**Required action**
Would you repeat the listing exactly but omit every picture?

**Recorded information**

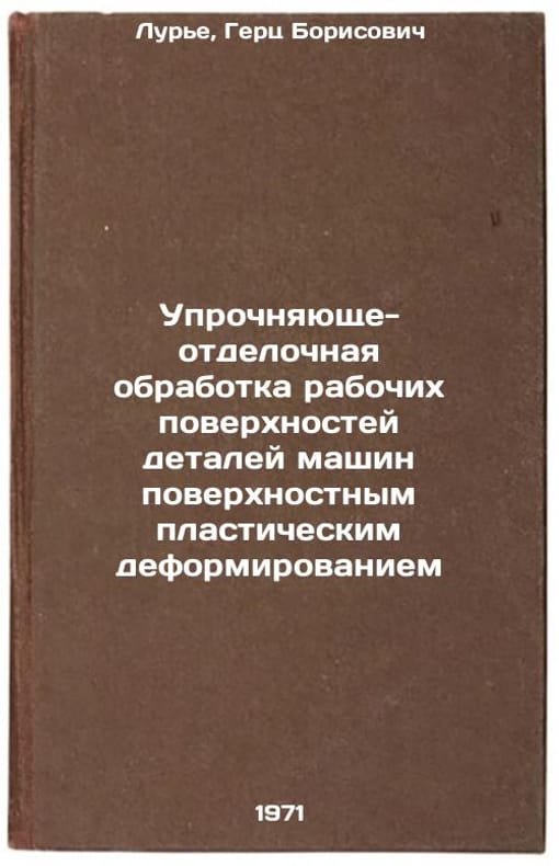 In Russian. Lurie, Herts Borisovich. Strengthening and finishing the working surfaces of machine parts with surface plastic deformation. Moscow: 1971. Uprochnyayushche-otdelochnaya obrabotka rabochikh poverkhnostey detaley mashin poverkhnostnym plasticheskim deformirovaniem. In Russian /Strengthening and finishing the working surfaces of machine parts with surface plastic deformation . All images are for identification of editions only. Several books of the same edition may be available. Please feel free to request photos of available books. SKU7160349
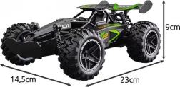 Get ready for unlimited fun with this high-speed racing car, equipped with a durable build for dynamic driving that can handle demanding terrain. The car is designed to deliver a smooth and stable ride thanks to its shock absorbers and large rubber wheels, making it ideal for grass, gravel, asphalt, or even light sandy surfaces.
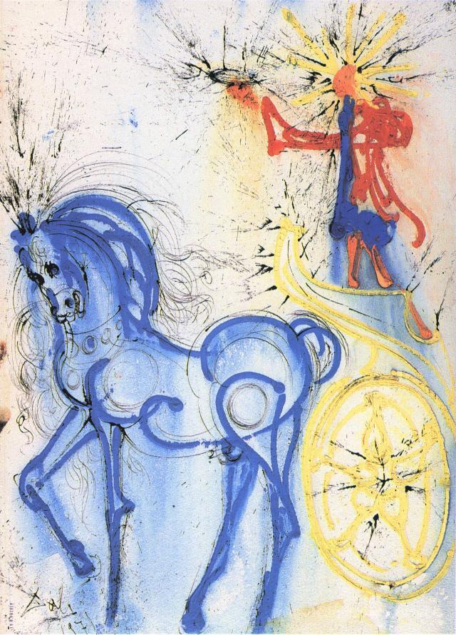 Ti offriamo una riproduzione artigianale su tela dell'opera famosa 'Le Char d'Or' di Salvador Dali, dal Museo delle Riproduzioni.

**Solution for this exercise**
 In Russian. Lurie, Herts Borisovich. Strengthening and finishing the working surfaces of machine parts with surface plastic deformation. Moscow: 1971. Uprochnyayushche-otdelochnaya obrabotka rabochikh poverkhnostey detaley mashin poverkhnostnym plasticheskim deformirovaniem. In Russian /Strengthening and finishing the working surfaces of machine parts with surface plastic deformation . All images are for identification of editions only. Several books of the same edition may be available. Please feel free to request photos of available books. SKU7160349
 Get ready for unlimited fun with this high-speed racing car, equipped with a durable build for dynamic driving that can handle demanding terrain. The car is designed to deliver a smooth and stable ride thanks to its shock absorbers and large rubber wheels, making it ideal for grass, gravel, asphalt, or even light sandy surfaces.
 Ti offriamo una riproduzione artigianale su tela dell'opera famosa 'Le Char d'Or' di Salvador Dali, dal Museo delle Riproduzioni.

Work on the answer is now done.